Directions> The reply should consist solely of the lines from the one with "Phase II of" through the final line of the listing, copied exactly, with no pictures.
(Data segment begins)
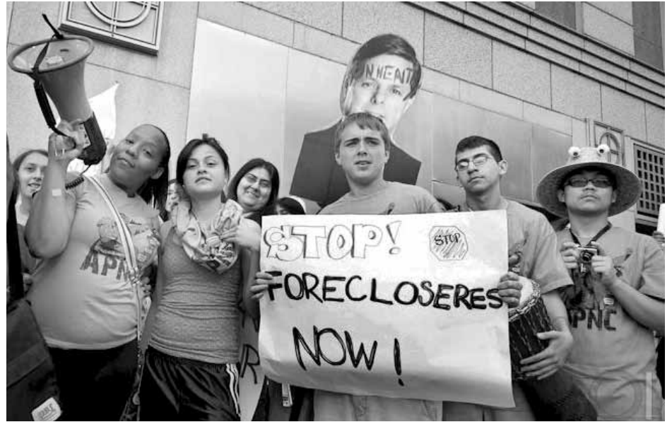
A national movement against evictions and foreclosures is growing as more and more people are evicted or their homes foreclosed.

Phase II of the opponents' plan is clear. The approval of "Just Cause for Evictions" by the outgoing city council was just a minor set back, as was the delay for the Fair Practices Commission decision. They have clearly announced that they will seek the repeal of the "Just Cause for Evictions" ordinance. And of course, they will count on the support of the new council members they helped to elect.
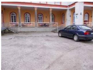
Parkplätze vor der Eingang
(Data segment ends)
Answer for the task>
Phase II of the opponents' plan is clear. The approval of "Just Cause for Evictions" by the outgoing city council was just a minor set back, as was the delay for the Fair Practices Commission decision. They have clearly announced that they will seek the repeal of the "Just Cause for Evictions" ordinance. And of course, they will count on the support of the new council members they helped to elect.
Parkplätze vor der Eingang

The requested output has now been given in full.